Records for processing section start

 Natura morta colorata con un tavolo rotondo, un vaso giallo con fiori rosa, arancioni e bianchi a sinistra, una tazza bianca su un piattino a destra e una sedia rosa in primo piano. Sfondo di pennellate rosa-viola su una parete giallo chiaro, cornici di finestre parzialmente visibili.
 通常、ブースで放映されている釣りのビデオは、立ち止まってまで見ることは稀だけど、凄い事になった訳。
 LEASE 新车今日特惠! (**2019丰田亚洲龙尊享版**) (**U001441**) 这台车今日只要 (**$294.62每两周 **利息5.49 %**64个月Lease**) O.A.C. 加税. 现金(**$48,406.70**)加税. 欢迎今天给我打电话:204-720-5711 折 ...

Records for processing section end
Records for processing section start

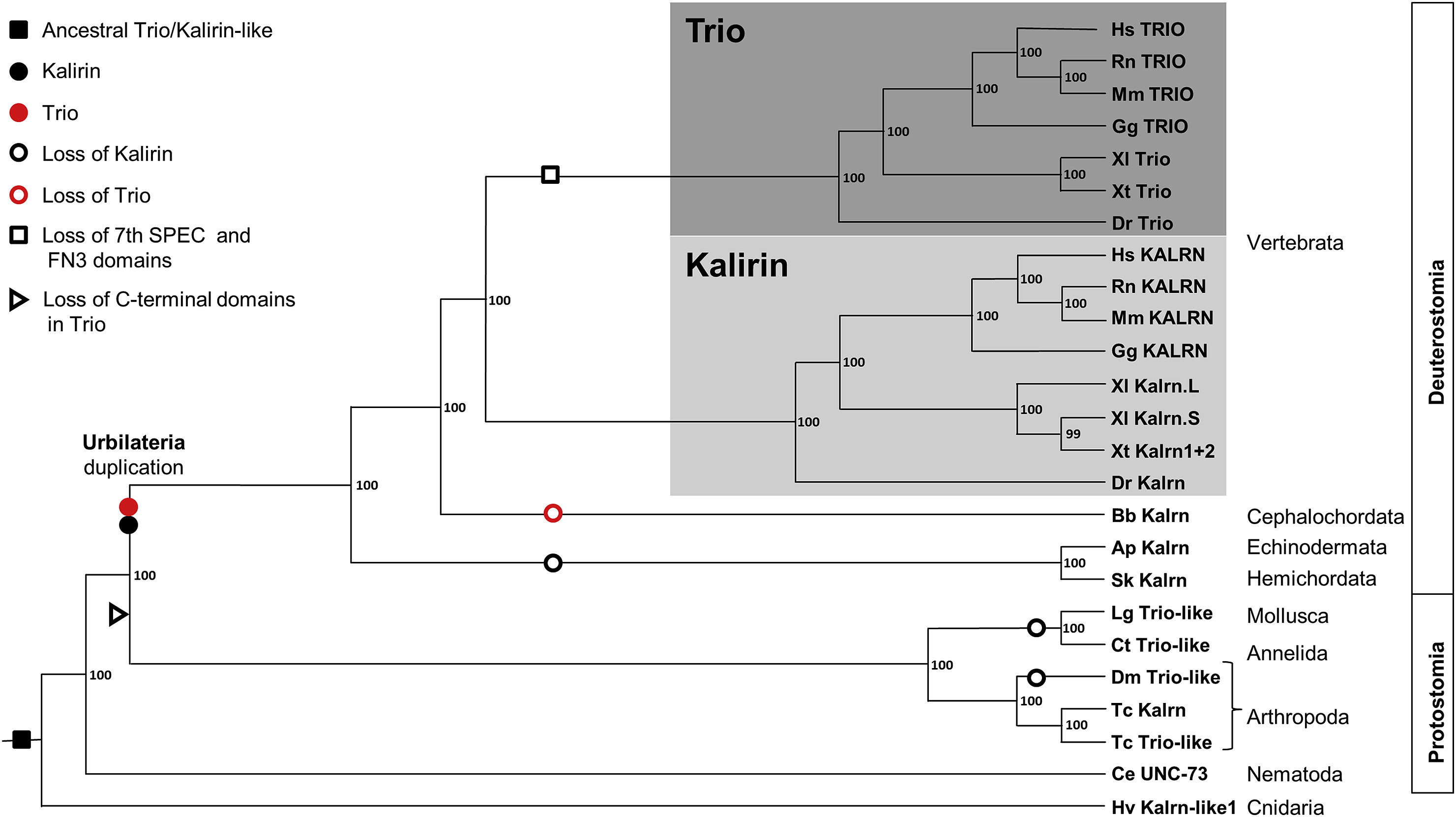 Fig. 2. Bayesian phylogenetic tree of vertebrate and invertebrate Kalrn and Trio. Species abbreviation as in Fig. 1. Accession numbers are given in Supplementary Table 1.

Records for processing section end

Everything above from the line with "Natura morta colorata" to the line with "LEASE 新车今日特惠! (**2019丰田亚洲龙尊享版**)", both included, must be repeated exactly, and nothing outside that range.

 Natura morta colorata con un tavolo rotondo, un vaso giallo con fiori rosa, arancioni e bianchi a sinistra, una tazza bianca su un piattino a destra e una sedia rosa in primo piano. Sfondo di pennellate rosa-viola su una parete giallo chiaro, cornici di finestre parzialmente visibili.
 通常、ブースで放映されている釣りのビデオは、立ち止まってまで見ることは稀だけど、凄い事になった訳。
 LEASE 新车今日特惠! (**2019丰田亚洲龙尊享版**) (**U001441**) 这台车今日只要 (**$294.62每两周 **利息5.49 %**64个月Lease**) O.A.C. 加税. 现金(**$48,406.70**)加税. 欢迎今天给我打电话:204-720-5711 折 ...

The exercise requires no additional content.